According to the qq plot, the observations all follow the line and the residuals are roughly normally distributed. The Shapiro test confirms this because all p values are above 0.05.

## 5. Test variance

```{r}
leveneTest(mydata.aov)

```

The assumption that the variance is homogenous is fulfilled because the p value is higher than 0.05.
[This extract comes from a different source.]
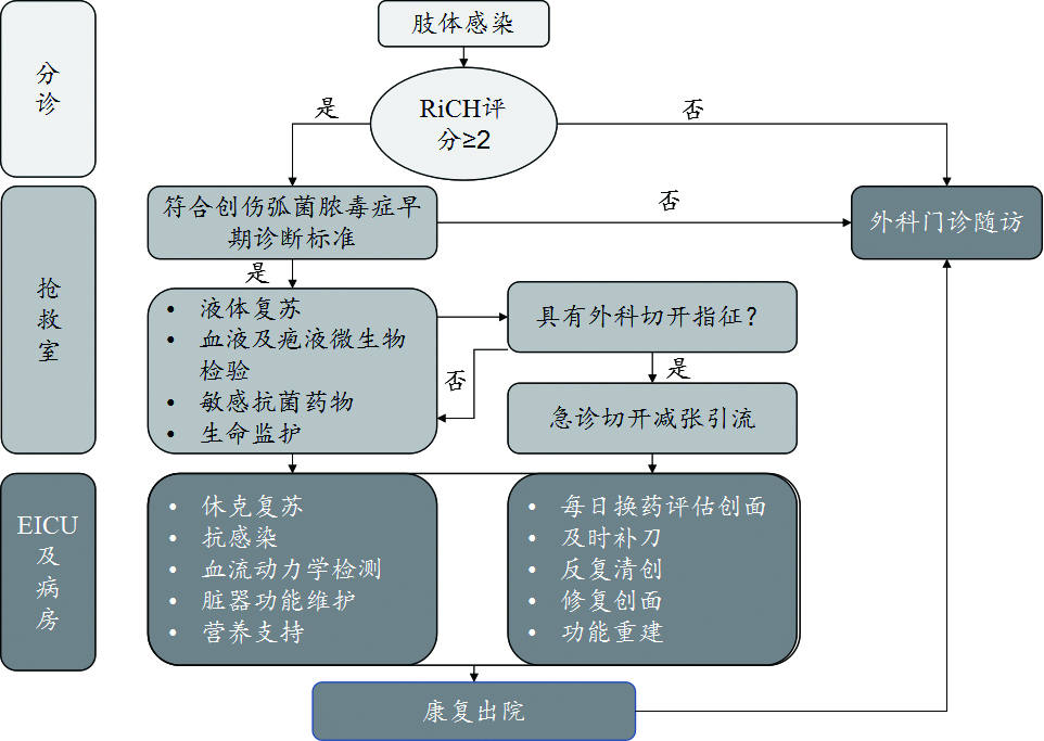 创伤弧菌脓毒症患者常以发烧和肢体红肿疼痛就医,很多医护人员对该病没有足够的经验,容易延误诊断[51]。分诊医生和护士在接诊疑似肢体感染的患者,应掌握快速获取关键信息的技巧,可帮助早期识别出危及生命的肢体感染患者。分诊过程中可应用预检分诊RiCH评分表(表 2):①快速进展的肢体病损;②低血压;③既往慢性肝病、嗜酒或免疫功能不全病史。RiCH评分≥2,应视为重症患者,需分诊至抢救室救治,并电话启动创伤弧菌脓毒症MDT小组或通知有相应经验的外科医生,进一步评估。若不能满足上述条件,可暂时将患者分诊至外科门急诊就诊与评估。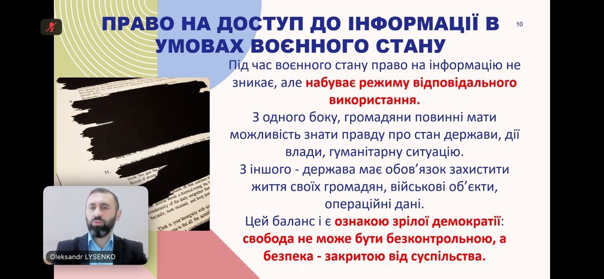 Під час лекції Олександр Миколайович висвітлив актуальні питання реалізації права на доступ до інформації в умовах воєнного стану, правові обмеження, передбачені чинним законодавством, та практичні аспекти захисту інформаційних прав громадян. Студенти активно долучалися до обговорення, ставили запитання та дискутували щодо ролі відкритості інформації у демократичному суспільстві.

## 6. Test variance with Hartley's test, by hand

```{r}
var(mydata[mydata$Group == "Basal",]$POST3)
var(mydata[mydata$Group == "DRTA",]$POST3)
var(mydata[mydata$Group == "Strat",]$POST3)
var(mydata[mydata$Group == "DRTA",]$POST3)/var(mydata[mydata$Group == "Basal",]$POST3)
```

Because k = 3 and n - 1 = 22-1=21, the table for $\alpha$=0.05 shows us that the Hartley's test reaches significance at 2.95. Because my score is lower (1.72 < 2.95) the test is significant and the assumption that the variance is homogenous is fulfilled.

## 7. 1-way ANOVA

```{r}
summary(mydata.aov)
```

Our p value is lower than the $\alpha$ value of 0.05, which means the test is significant and we reject H0 and accept Ha that not all of the $\mu_i$ are equal.

## 8. Effect size

```{r}
# regular R^2

mean_data <- mean(mydata$POST3)
SST <- ((41-mean_data)^2 + (41-mean_data)^2 + (43-mean_data)^2 + (46-mean_data)^2 + (46-mean_data)^2 + (45-mean_data)^2 + (45-mean_data)^2 + (32-mean_data)^2 + (33-mean_data)^2 + (39-mean_data)^2 + (42-mean_data)^2 + (45-mean_data)^2 + (39-mean_data)^2 + (44-mean_data)^2 + (36-mean_data)^2 + (49-mean_data)^2 + (40-mean_data)^2 + (35-mean_data)^2 + (36-mean_data)^2 + (40-mean_data)^2 + (54-mean_data)^2 + (32-mean_data)^2 + (31-mean_data)^2 + (40-mean_data)^2 + (48-mean_data)^2 + (30-mean_data)^2 + (42-mean_data)^2 + (48-mean_data)^2 + (49-mean_data)^2 + (53-mean_data)^2 + (48-mean_data)^2 + (43-mean_data)^2 + (55-mean_data)^2 + (55-mean_data)^2 + (57-mean_data)^2 + (53-mean_data)^2 + (37-mean_data)^2 + (50-mean_data)^2 + (54-mean_data)^2 + (41-mean_data)^2 + (49-mean_data)^2 + (47-mean_data)^2 + (49-mean_data)^2 + (49-mean_data)^2 + (53-mean_data)^2 + (47-mean_data)^2 + (41-mean_data)^2 + (49-mean_data)^2 + (43-mean_data)^2 + (45-mean_data)^2 + (50-mean_data)^2 + (48-mean_data)^2 + (49-mean_data)^2 + (42-mean_data)^2 + (38-mean_data)^2 + (42-mean_data)^2 + (34-mean_data)^2 + (48-mean_data)^2 + (51-mean_data)^2 + (33-mean_data)^2 + (44-mean_data)^2 + (48-mean_data)^2 + (49-mean_data)^2 + (33-mean_data)^2 + (45-mean_data)^2 + (42-mean_data)^2)

(SSG <- 22*(41.04545 - mean_data)^2 + 22*(46.72727 - mean_data)^2 + 22*(44.27273 - mean_data)^2)

SSG/SST

summary(lm(POST3~Group, mydata))$adj.r.squared

```

The effect size is medium.

## 9. Post-hoc test Bonferroni

```{r}
pairwise.t.test(x = mydata$POST3, g = mydata$Group, p.adjust.method = "bonferroni")
```

The most significant difference according to this test is between DRTA and Basal.

## 10. Post-hoc test TukeyHSD

```{r}
TukeyHSD(mydata.aov)
```

This test agrees with my statement at exercise 9: the biggest difference is between DRTA and Basal.